Before I go into the presentation slides, let me briefly wrap up our results for the first 9 months of 2019.

As you know, the economic sentiment has further deteriorated in recent months, and the third quarter became more challenging for our industry -- I think it's fair to say for the whole global economy.

In the third quarter of 2019, we have seen signs of a weakening industry. Order intake in Europe declined significantly. How much of this drop is due to the prebuy effect in connection with the new smart digital tachograph in the first half year of 2019 and how much is poor market weakness is hard to quantify, but we have to admit that the negative trend is accelerating.

Against this background, we saw a solid development of our key figures during the first 9 months. Looking at our Industrial Business, we were able to perform in line or even outperformed some of our core markets during the first 9 months of 2019. Our truck unit sales grew without MAN TGE, which you know has much lower revenues and margin than trucks. The TGE is based on the Volkswagen (inaudible).

Our truck unit sales grew by nearly 6%, while our top line in the Industrial Business grew by plus 9% on a like-for-like business. Operating profit of the Industrial Business was up by 41%, adjusted for a minor effect in 2019 at MAN truck and bus exit of the Indian market, which impacted the Industrial Business in the first 9 months of 2018 with EUR 115 million. The increase would have amounted to 25%. This increase was related to better volumes and product mix as well as efficiency gains due to the elimination of bottlenecks in the supply process and the end of parallel production at Scania, together with the new truck generation introduction.

On the negative side, we had inflationary cost increases, higher depreciation and amortization and expenses in connection with product -- production preparations for the new generations of trucks and buses at MAN truck and bus. The later one weighted on profit at MAN truck and bus in the third quarter 2019. We ended the first 9 months in 2019 at 7.1% return on sales in our Industrial Business.
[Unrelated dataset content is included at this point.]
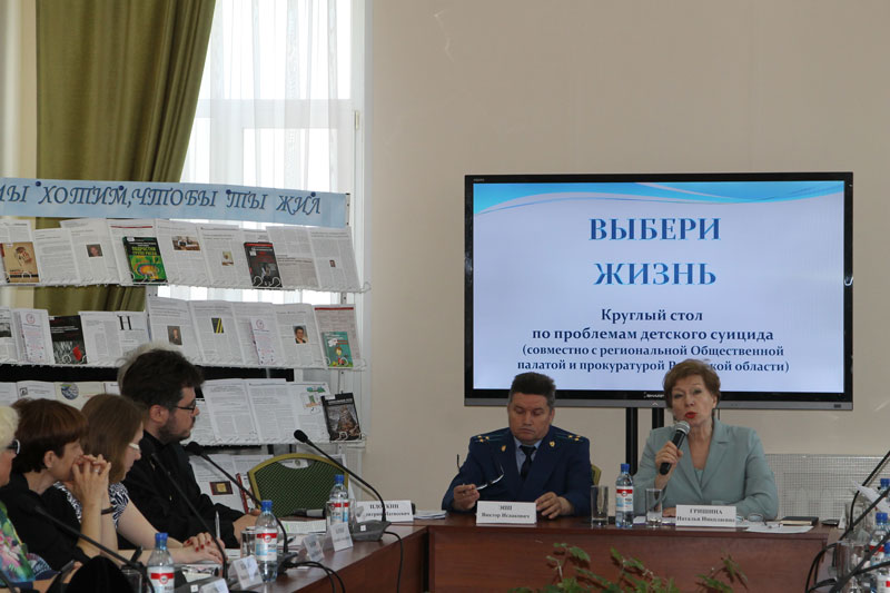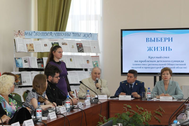 В библиотеке состоялся круглый стол под названием «Выбери жизнь», посвященный проблеме детского и подросткового суицида. Организаторы дискуссионной встречи: региональная Общественная палата, прокуратура Рязанской области, библиотека имени Горького.

Another positive story in the first 9 months is the development of the net cash flow in the Industrial Business. It came in at EUR 345 million in the 9 months of 2019, of course adjusted for the sale of the Power Engineering business. More importantly, we improved the net cash flow considerably quarter-by-quarter. After minus EUR 376 million at the end of the first quarter, we improved to plus -- EUR 182 million in the second quarter and further improved in the third quarter to EUR 539 million. You can see we are further moving in the right direction on this KPI as well.
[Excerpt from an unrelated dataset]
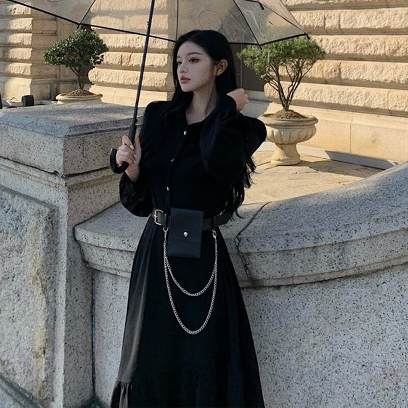 色:黒いドレス,ベルトバッグ

Our net liquidity position in the Industrial Business, we have no financial indebtedness; after the first 9 months of 2019 improved by -- to EUR 1.2 billion in the Industrial Business.

Looking at the Financial Services business. It saw a growth in the first 9 months of 2019 in the net portfolio of nearly 18% year-over-year and 11% versus end of the year 2018. Penetration rate and return on equity remained at a very healthy level.

All in all, the TRATON GROUP came in at 7.5% return on sales and are still well at the upper end of our targeted range for this year, which is, as you may know, 6.5% to 7.5% return on sales.

So for 2019, we can confirm our targets even though we think and feel it will be more challenging to achieve them, in particular when we compare it to the situation roughly 3 months ago when we spoke last time.

And at that, it is to our 2020 market outlook. What we can say today is what -- that, without any doubts, 2020 will be even a more challenging year for our industry than the second half year of 2019. The only truck market which is, at the moment is -- and is still foreseen to grow meaningful in 2020 is Brazil. Our expectations for the truck market in the EU28+2, that means the European 30, so to say, is a decline of 10% to 20%. This is why flexibility is the name of the game for the rest of the year.

For 2020, further measures have to be implemented. We explain further on how we prepare ourselves for the potential scenarios in 2020. All we aim for is to safeguard our competitiveness in a potential rapid downturn in order to emerge stronger with a renewed truck portfolio and an aligned cost basis. That's as a short introduction.

And with that, I hand over to Christian for the details.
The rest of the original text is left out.